Give back the full listing, character for character, with no pictures.

(DATASET CONTENT)

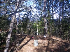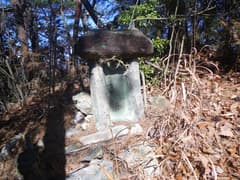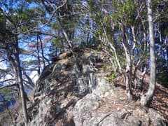 稜線を左へ登れば直ぐに西峰の頂上だが、先に三角点峰に登ろう。右に急降下し、アセビに覆われた鞍部から岩場の多い稜線をひと登りして頂上に着く。「三峰山」の山名標と三角点標石、それと木立に隠れて小さな石祠がある。頂上は松などの樹林に囲まれて狭く、南方向が見える程度だが、陽が差し込んで雰囲気は明るい。山専ボトルに入れてきたホットココアを飲み、パウンドケーキを軽く腹に入れる。
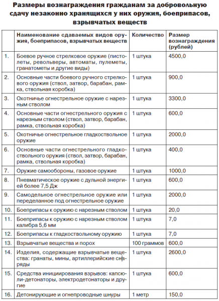 Лица, добровольно сдавшие оружие, боеприпасы, взрывчатые вещества и взрывные устройства, освобождаются от такой ответственности, и им выплачивается денежное вознаграждение.
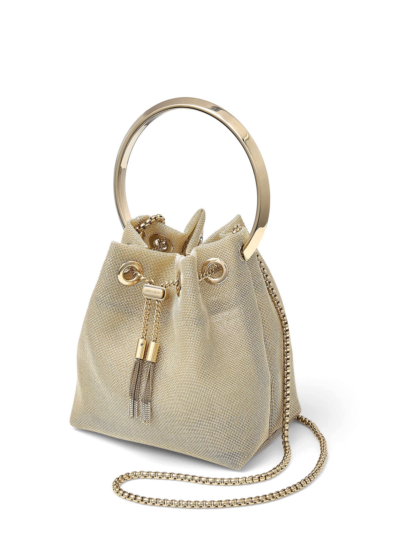 Closure with adjustable metal drawstring with tassels Metal handle and chain shoulder strap Single compartment with internal logo label Made in Italy Mesh W: 15 cm x H: 15 cm x D: 12 cm SKU: BONBONWDFCHAMPAGNE

(End DATASET CONTENT)

- _ANSWER TO THE PROBLEM_
 稜線を左へ登れば直ぐに西峰の頂上だが、先に三角点峰に登ろう。右に急降下し、アセビに覆われた鞍部から岩場の多い稜線をひと登りして頂上に着く。「三峰山」の山名標と三角点標石、それと木立に隠れて小さな石祠がある。頂上は松などの樹林に囲まれて狭く、南方向が見える程度だが、陽が差し込んで雰囲気は明るい。山専ボトルに入れてきたホットココアを飲み、パウンドケーキを軽く腹に入れる。
 Лица, добровольно сдавшие оружие, боеприпасы, взрывчатые вещества и взрывные устройства, освобождаются от такой ответственности, и им выплачивается денежное вознаграждение.
 Closure with adjustable metal drawstring with tassels Metal handle and chain shoulder strap Single compartment with internal logo label Made in Italy Mesh W: 15 cm x H: 15 cm x D: 12 cm SKU: BONBONWDFCHAMPAGNE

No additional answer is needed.